- Episode no.: Season 3 Episode 2
- Directed by: Michael Uppendahl
- Written by: Noah Hawley
- Cinematography by: Craig Wrobleski
- Editing by: Henk Vaneeghen
- Production code: XFO03002
- Original air date: April 26, 2017
- Running time: 52 minutes

Guest appearances
- Michael Stuhlbarg as Sy Feltz; Shea Whigham as Chief Moe Dammik; Scott Hylands as Ennis Stussy; Mark Forward as Donny Mashman;

Episode chronology
| ← Previous "The Law of Vacant Places" | Next → "The Law of Non-Contradiction" |
- Fargo (season 3)

= The Principle of Restricted Choice =

"The Principle of Restricted Choice" is the second episode of the third season of the American anthology black comedy–crime drama television series Fargo. It is the 22nd overall episode of the series and was written by series creator Noah Hawley and directed by Michael Uppendahl. It originally aired on FX on April 26, 2017.

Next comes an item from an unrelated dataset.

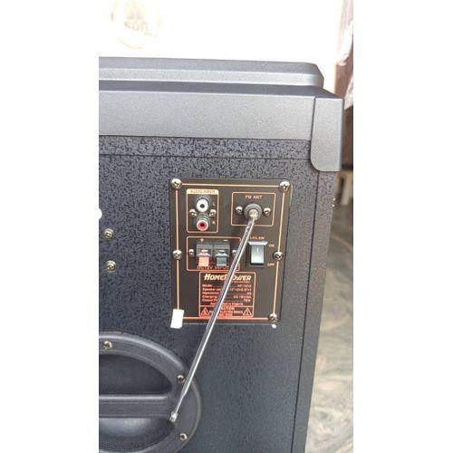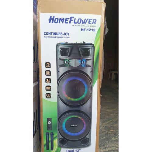 Experience powerful audio with the HomeFlower HF-1212 "Continues Joy" Rechargeable Speaker System. This dual 12" speaker setup delivers vibrant sound with eye catching LED lighting effects. Featuring USB input, FM radio, MicroSD support, and a built-in rechargeable battery, it's perfect for parties or home entertainment. The wireless microphones included make it ideal for karaoke nights. Enjoy quality sound and convenient portability in one stylish package.
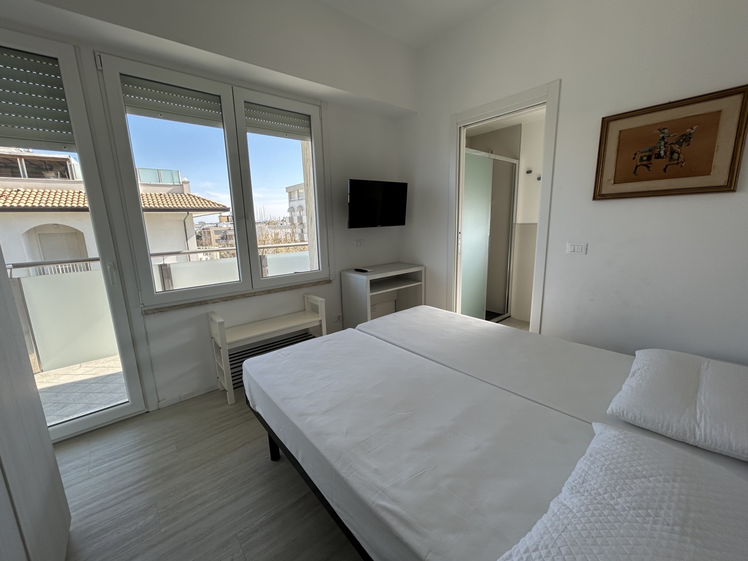 APPARTAMENTO ESTIVO VISTA MARE A POCHI PASSI DALLA SPIAGGIA - RICCIONE ALBA - AFFITTO ESTIVO - Affacciato direttamente sul mare, questo raffinato trilocale al quarto piano con ascensore ti accoglie in un contesto signorile con servizio di portineria, perfetto per vivere un'estate all'insegna del comfort e della tranquillità. L'appartamento, recentemente ristrutturato, conquista fin dal primo sguardo grazie alla luminosità degli ambienti e alla splendida vista mare. Il soggiorno con zona pranzo è uno spazio accogliente e ben organizzato, ideale per momenti di relax o convivialità, mentre la cucina moderna con piano a induzione e forno a microonde rende ogni dettaglio pratico e funzionale. Le due camere matrimoniali garantiscono comfort e privacy, con una camera dotata di bagno privato, a cui si aggiunge un secondo bagno a servizio dell'abitazione. I due terrazzi rappresentano il vero valore aggiunto: uno regala una suggestiva vista mare, perfetta per colazioni all'alba o aperitivi al tramonto, mentre l'altro offre uno spazio riservato per godersi l'aria aperta in totale relax. Completa la proprietà un comodo posto auto coperto, aria condizionata con pompa di calore caldo/freddo e lavatrice, per un soggiorno senza pensieri. Disponibile per la stagione estiva: luglio euro 2900, agosto euro 3900, settembre euro 2200, oltre spese d'agenzia. Una soluzione ideale per chi desidera vivere Riccione fronte mare, in un appartamento curato, elegante e pronto da abitare. Contattaci ora per maggiori informazioni o per fissare un appuntamento di visita!

The season is set primarily in 2010, in three Minnesota towns: St. Cloud, Eden Valley, and Eden Prairie. It follows the lives of a couple, Ray Stussy and Nikki Swango, who, after unsuccessfully trying to rob Ray's wealthy older brother Emmit, become involved in a double murder case. One of the victims is an old man with a mysterious past whose stepdaughter, Gloria Burgle, is a policewoman. Meanwhile, Emmit tries to cut his ties with a shady organization he borrowed money from a year before, but the company, represented by V. M. Varga, has other plans. In the episode, Ray and Nikki work on their next move by attempting to retrieve the stamp, while Emmit and Sy try to find more about Varga. Meanwhile, Gloria finds more information on her stepfather while investigating Maurice's crimes.

According to Nielsen Media Research, the episode was seen by an estimated 1.06 million household viewers and gained a 0.3 ratings share among adults aged 18–49. The episode received critical acclaim, with critics praising the writing, character development, humor, and performances (particularly Mary Elizabeth Winstead and Michael Stuhlbarg).

==Plot==
While checking the books that she found in her stepfather's house, Gloria (Carrie Coon) deduces that Ennis was a sci-fi writer known as "Thaddeus Mobley", by checking some of his older photos.

Emmit (Ewan McGregor) and Sy (Michael Stuhlbarg) talk with their lawyer Irv Blumkin (Hardee T. Lineham), to know anything about Varga (David Thewlis). Irv insults them for making business without properly knowing Varga, so they ask him to investigate Varga on their behalf. However, when Irv searches for Varga's name in Google, the computer tricks him into clicking a "download information" link. The link takes a picture of Irv and his secretary, before shutting itself off. Later, Varga places a truck in one of Emmit's parking lots. While Emmit wants to take action, Sy convinces him to stay quiet about it, fearing that Varga may take action against them.

While Gloria settles in her new joint police station, she investigates a robbery that Maurice LeFay committed at a gas station. Seeing the torn page of the phone book, she deduces that Maurice stopped before killing Ennis, as he didn't know the address. Ray (McGregor) checks his office's database to confirm that Maurice's death was ruled an accident, informing Nikki (Mary Elizabeth Winstead). That night, Ray talks with Emmit outside his house while Nikki sneaks in to steal the stamp. However, Emmit already replaced it with a portrait of a donkey, so Nikki writes "Who's the ass now?" in the portrait and then leaves her used tampon in the desk before exiting. She meets with Ray, who seems to want to mend the past with Emmit after their talk. Nikki states that Emmit replaced the stamp, suggesting he won't trust Ray and that the donkey was used to represent Ray.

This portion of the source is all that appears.